Therapy and monitoring of its effectiveness over time:
Once the diagnosis of hypertension has been confirmed, it is important to follow a correct lifestyle: stop smoking, lose weight, reduce salt intake, stop junk food, exercise adequate and regularly take prescribed medications, with blood pressure monitoring at home, taking blood pressure diary to show to the doctor during the follow up visit. ABPM and cardiac echo are also useful for monitoring therapy. The efficacy of the therapy over time can also be assessed with echo-cardiac which allows to verify the effects on the cardiovascular system already observed with the previous same test, before the start of therapy, therefore, the enlargement of the left ventricle which should be reduced or disappeared at an advanced stage of the therapy itself.

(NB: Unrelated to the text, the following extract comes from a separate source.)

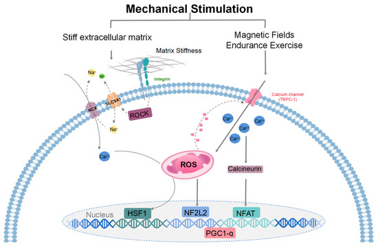 A model illustrating the mechanisms of mitohormesis induced by mechanical stimulation. Mechanosensing of a stiff extracellular matrix at adhesion sites activates ROCK to stimulate ion exchange by SLC9A1 and NCX. Subsequent mitochondrial calcium overload drives the production of ROS and stimulates the transcription of HSF1. HSF1-mediated mitochondrial stress suppresses the production of ROS by limiting mitochondrial respiration and opposes oxidant damage by promoting mitochondrial biogenesis/protein turnover and enhancing reducing equivalents (reduced glutathione/NADPH). Magnetic fields and endurance exercise signals are detected by transient receptor potential channels (TRPC), which regulate mitochondrial response and promote mitochondrial kinesis. During exercise training, metabolism increases sharply, repeatedly triggering the body’s compensatory physiological response, and ROS levels rise, which can be weakened by supplementation of antioxidants. These signaling pathways that activate ROS lead to gene expression that mediates the cellular adaptive responses. Key regulators of these processes include transcriptional coactivators, specifically PGC-1α. ROS regulate TRPC1, and TRPC1-mediated calcium entry participates in mechanical signaling by activating the calcineurin pathway to form various adaptive responses. Calmodulin-dependent calcineurin dephosphorylates and translocates NFAT to the nucleus. When ROS levels are elevated, NF2L2 binds to antioxidant reaction components in the nucleus and promotes the expression of cellular antioxidant and defense proteins.
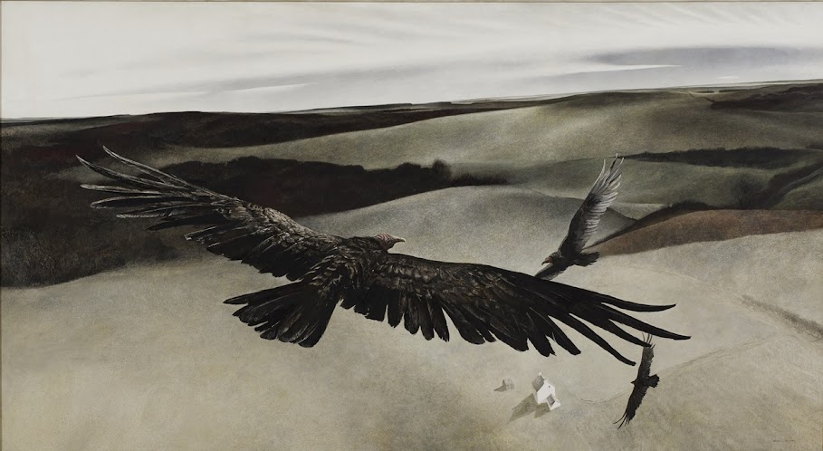 In Soaring, begun in 1942, Wyeth took to the sky to adopt a bird’s-eye view of his surrounding landscape. In this large-scale painting, the viewer hovers with three turkey vultures above a lone house and barn isolated in a vast, empty landscape. The largest vulture, suspended just below the posited viewer. It appears as a dark form outlined against the fallow winter fields below. The two other raptors that circle below, closing in on the farm, indicate the yawning distance between the viewer and the ground…

The absence of enlargement of the left ventricle at the time of diagnosis may indicate that the hypertension has recently appeared.
Today we can say that it is more and more frequent to diagnose hypertension less than 40 years of age, linked above all to lifestyle. Hypertension is an often silent killer that slowly affects the kidneys, heart, eyes, brain, so it is very important early diagnosis to avoid cardiovascular complications.